Muitas pessoas nunca superam essa fase, elas desistem antes disso. A maioria das pessoas que eu conheço que fazem um trabalho criativo interessante passaram por anos disso. Nós sabemos que nosso trabalho não tem aquela coisa especial que queremos que ele tenha. Todos nós passamos por isso. E se você está apenas começando ou ainda está nessa fase, você tem que saber que isso é normal e a coisa mais importante que você pode fazer é criar muito. 
Dê a você um prazo para que a cada semana você termine uma história, por exemplo. É só produzindo muito que você vai superar essa fase e o seu trabalho será tão bom quando as suas ambições. E eu levei muito mais tempo para perceber isso do que qualquer um que eu tenha conhecido. Vai demorar um tempo. É normal. Você só tem que lutar e seguir em frente.
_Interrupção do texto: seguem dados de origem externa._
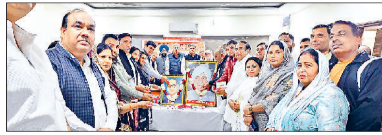
सोनीपत। कार्यक्रम के दौरान बाबा साहेब को नमन करते हुए कांग्रेसी।
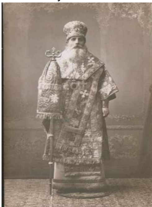
Рис. 1. Еп. Воткинский Амвросий (Казанский) в архиерейском облачении (фото 1920-х гг.)

Во время Богослужения под ноги епископу подкладываются орлецы — небольшие круглые коврики с изображением орла, летящего над городом. Орлецы означают, что епископ должен, подобно орлу, возноситься от земного к небесному.
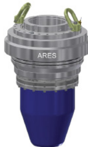
ПОДШИПНИКОВЫЙ УЗЕЛ, ARES
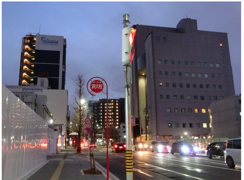
↑外堀通を背にして本町通を南へ
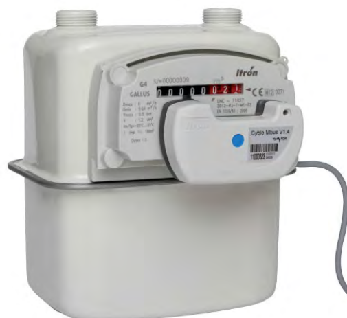
Рис. 2.2. Датчик Cyble_Sensor_ATEX V2, смонтированный на отсчетное устройство счетчика
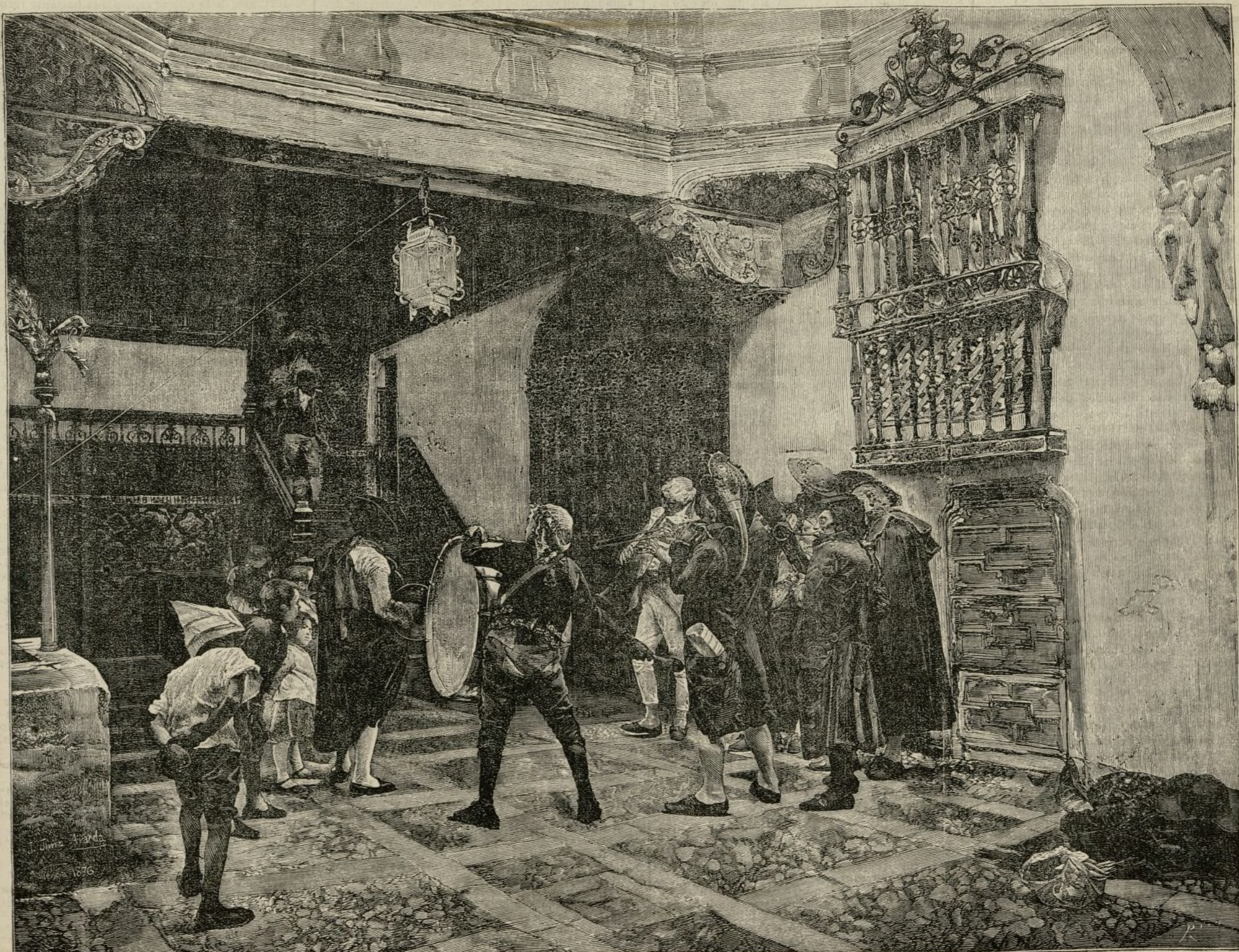
UNA MURGA EN EL PATIO DE UN PALACIO DE VALENCIA. (Cuadro del Sr. Jimenez Aranda). Ayuntamiento de Madrid

La única diferencia que á nuestro entender existe entre la murga de nuestros días y la del siglo, cuyos principales caracteres, vicios y defectos dibujó en sus preciados lienzos el atrevido pincel de Goya, consiste sólo, primero en algunos detalles de indumentaria, y segundo en la variación del menú musical con que obsequian ó mejor mortifican á sus favorecidos.
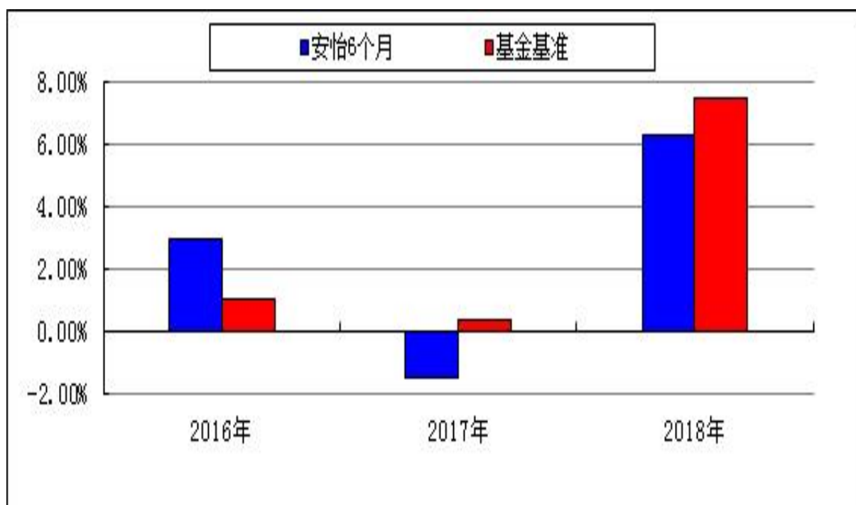
自基金合同生效以来基金净值增长率与业绩比较基准收益率的对比图

注：本基金的基金合同于 2016 年 4 月 15 日生效，合同生效当年按实际存续期计算，不按整个自然年度进行折算。
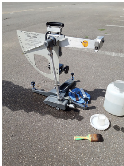
Figuur 1 – De SRT-slinger

Al naargelang men het slipgevaar voor voertuigen of het valgevaar voor voetgangers wil evalueren, gebruikt men een ander rubberplaatje: het zogenaamde rubberplaatje "57" (of de iets zachtere variant "55") is zacht en representatief voor voertuigbanden. Het wordt soms ook aangeduid als het "ISO"-rubberplaatje. Het rubberplaatje "96" is hard en vertoont de eigenschappen van schoenzolen. Dat plaatje wordt ook het "4S"-rubberplaatje genoemd, wat staat voor Standard Shoe Sole Simulation . Studies uitgevoerd in de jaren 1980-1990 [2] geven aan dat er een vrij goede correlatie bestaat tussen enerzijds het resultaat van de SRT-slinger met het "4S"-rubberplaatje en het valrisico bepaald door wandeltesten op diverse oppervlakken in laboratoriumomstandigheden: de correlatiecoëfficiënt bedraagt ca. 0,8.
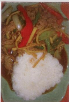
22. Nah Pad Prig
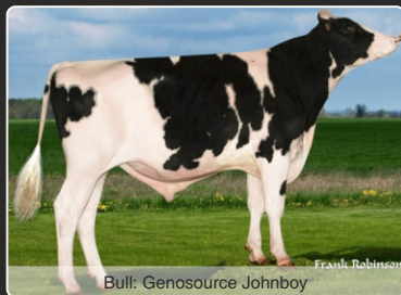
Bull: Genosource Johnboy

NY 9 Conf, +102 fedt & 85 Protein (Can) 157 RZG, 2796 GTPI & 3462 GLPI
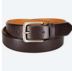
一 條 皮 帶 yī tiáo pí dài
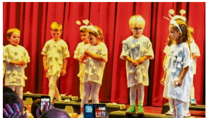
Als „Schneeflocken“ verzauberten die Vorschulkinder ab viereinhalb Jahren die ZuschauerInnen.
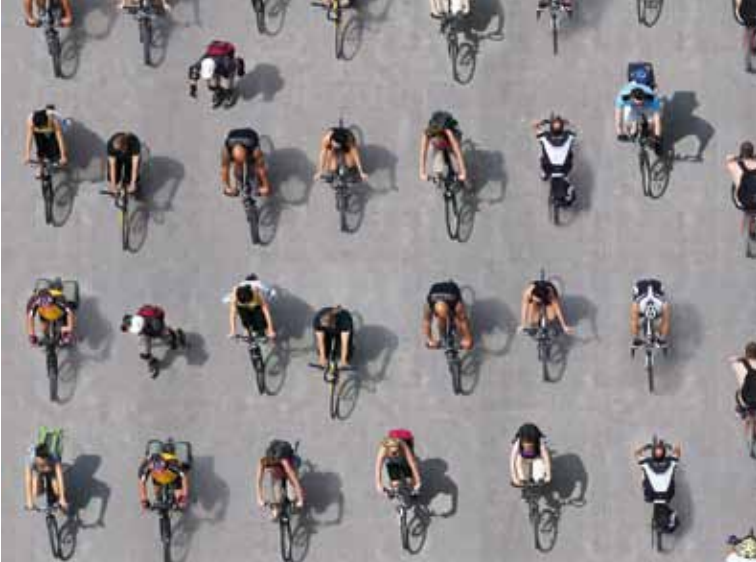
► Les cyclistes
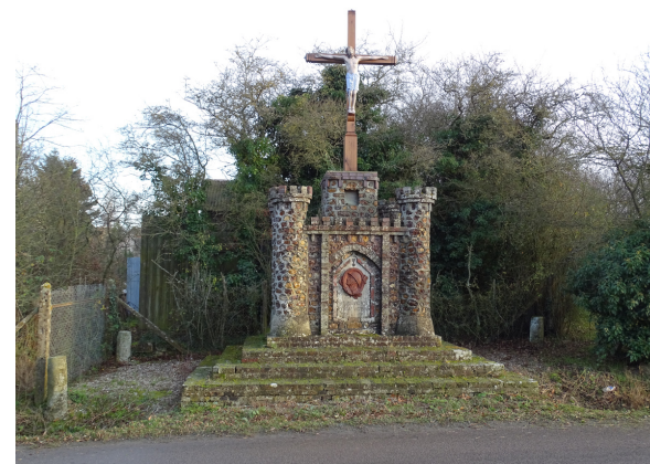
PR la belle au bois normand - calvaire

Bois-Normand, site féodal primitif : c'est aujourd'hui le château près de l'église, Rouge Maison, Chavanne et La Duquerie.
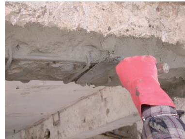
3. KÖSTER Repamor ile tamirat tamamlanır.
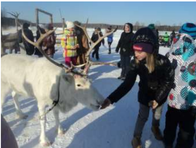
Катались в оленьих упряжках;
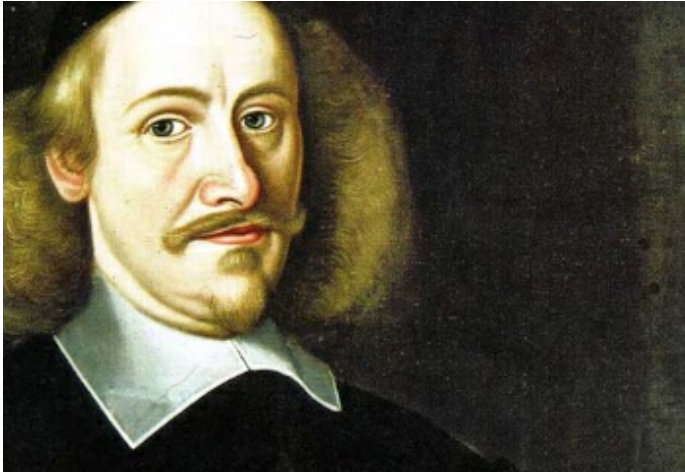
Ein Leben für Magdeburg

Você sabe que o seu trabalho não está tão bom quanto você gostaria, e não tem problema nisso. Nós todos passamos por isso. De fato, é esse entendimento que o manterá produzindo, aprendendo e lapidando seu trabalho.
Mas se você comparar a si mesmo com outros escritores enquanto estiver nesse gap, você vai perder a hablidade de ver onde você está indo e ver apenas onde não está indo. Em outras palavras, você vai ficar tão desapontado com o seu trabalho que vai ficar infeliz. 
Há apenas uma solução. Só uma. Pare de se comparar a outros escritores.
A Hipócrita está falando!
Mais fácil falar do que fazer, eu sei. Eu caio nesta armadilha regularmente; me comparo aos amigos que começaram a escrever ao mesmo tempo que eu e têm mais reconhecimento, ou amigos que conseguiram o agente que eu queria ou amigos que escrevem muito mais rápido que eu (o que acontece com a maioria deles). E quando faço isso, não vejo mais nada além do gap, não vejo onde estou indo ou me sinto motivada a seguir adiante. Eu só fico infeliz.
Esta semana, vamos fazer um pacto. Eu vou parar de me comparar a outros escritores – e vocês também!
Você não está sozinho, companheiro (a) escritor (a)! Você pode fazer isso, não importa o quão difícil pareça. Esse é um passo que você pode – e deve – dar!

2 comentários:

  1. Ótimo texto, e boa tradução também! Adorei sua iniciativa, pois realmente, muitos textos interessantes sobre escrita estão em inglês, e não é todo mundo que tem acesso a eles.

    ResponderExcluir
  2. Ah! A tradução ficou boa, está fácil de entender e eu adorei o texto! Realmente, percebo que estou na fase comparativa o tempo todo. Sou atacada por todos os lados com informações de autores e é quase impossível não criar parâmetros. Agora percebo que é meio absurdo isso, pois eu mesma vivo repetindo às pessoas que os surdos não são todos iguais, então com autores é a mesma coisa. Parar de comparar, tornar a felicidade um hábito. Day by day!